A couple of years ago, while on vacation in our mom's town, my siblings and I swam in the stream. On our way home, we went over a tree with ready bunches of velvet tamarind. It looked so luring we chose to cull a couple for ourselves. We were so centered around attempting to cut down a portion of the low-draping natural products from the branch we didn't see the multitude of soldier ants we have made upset. Long story short, in almost no time, we were moving, scratching and running from the genuine stings we got from these incredibly dangerous creepy crawlies. Since you are finished grinning at my not really entertaining tragedy, here is a rundown of astonishing Nigerian natural Fruits great number of us didn't know were grown in our delightful nation.
1. Velvet Tamarind
You will be astonished to discover that you definitely know this natural product as licky-licky, awin or icheku. The name originates from the dark smooth shell that covers its scrumptious orange mash. Velvet tamarind for the most part shares a season as udara and is found copiously in the southeastern Nigeria. For those of you who are yet to taste the integrity of this tamarind, the smooth shell is broken to uncover an orange mash which has a sweet and tart flavor. This mash is sucked or bitten, and the seed in the inside spat out. Tamarind could be eaten as a tidbit or the mash could be absorbed in water to set up a tamarind drink which weakens the tart-like taste of the Tamarind.
2. Ube Okpoko
This amazing fruit known as ube okpoko by the Igbos and atili by the Hausas is like ube (African pear) yet so extraordinary. This little estimated natural product is comparative in size to an olive yet is oiler than the African pear. It has a rich, smooth mash like the avocado. Ube okpoko is sold in cellophane sacks which contain around twelve cooked natural products. It could be eaten straight or sprinkled with salt for additional flavor. Atili oil could be extricated from the fruit. Viewed as neighborhood olive oil; this green oil could be utilized in cooking, as it is more nutritious and delightful than the customary cooking oil.

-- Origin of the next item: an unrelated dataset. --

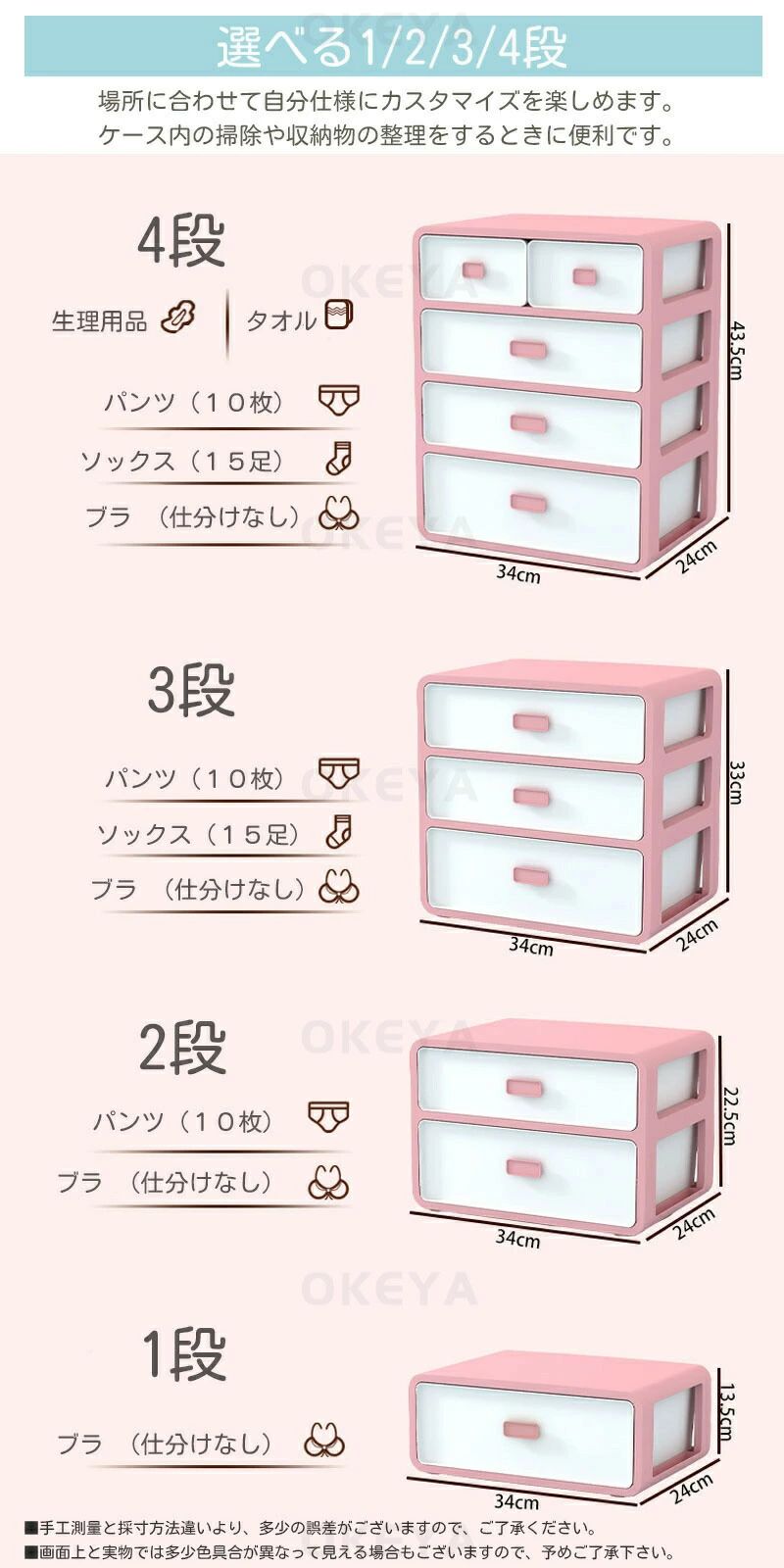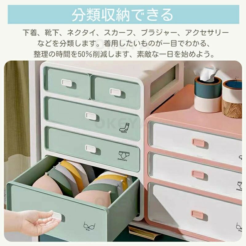 下着 収納 ブラジャー 引き出し 下着 ベージュ ピンク ミントグリーン ブラック 2段 3段 4段

Despite the fact that this destructive and delightful tropical fruit is Jamaica's national natural product, it bears its root from the West-Africa. Known as ishin by Yorubas, ackee develops on evergreen trees that can arrive at 50 feet tall. The genuine natural products are cases, developed in bunches, which go from green to red and split open when ready. Ackee is such a bizarre natural product, albeit incredibly flavorful when ready; the unripe organic products are very dangerous. Just the delicate rich inward substance of the ackee which has a marginally nutty flavor is eatable as the seeds of an unripe fruit are dangerous to the health.
4. June Plums
This oval-shaped fruit is a wonder with its thick skin and the tropical bouquet of flavor it produces when harvested. This fruit is best eaten when fully ripe; at this stage, its taste is a fusion of mango, apple and pineapple flavors. June plums are commonly used in making delicious jams and juices. They are also a great pickling ingredient and a traditional accompaniment to ice cream and yogurt. One thing to bear in mind when eating this tropical wonder; do not take a bite just yet, as beneath the delicious creamy flesh lies a spiky seed.
5. The Rose Apple
These little tear-drop molded fruits are about 1 to 2 crawls in measurement. The yellowish-green tissue gets flushed with pink when it matures and radiates an exceptionally fragrant aroma suggestive of a sprouting rose, and offers a sweet botanical flavor, similar to rose water. The tissue has a fresh, nearly crunchy surface when ready and newly picked. In the middle contains one to four little brown seeds that are free inside the center. At the point when the entire natural product is shaken, the seeds clatter inside the little hole. Be that as it may, just the smooth substance is devoured as the seeds and roots are viewed as toxic.
These fruits, even though did not have their origin in Nigeria still have some of them growing here is Nigeria and most of them are well known in Nigeria but most of us might not know it is grown in Nigeria.
Which of them do you know? Leave yours in the comments section.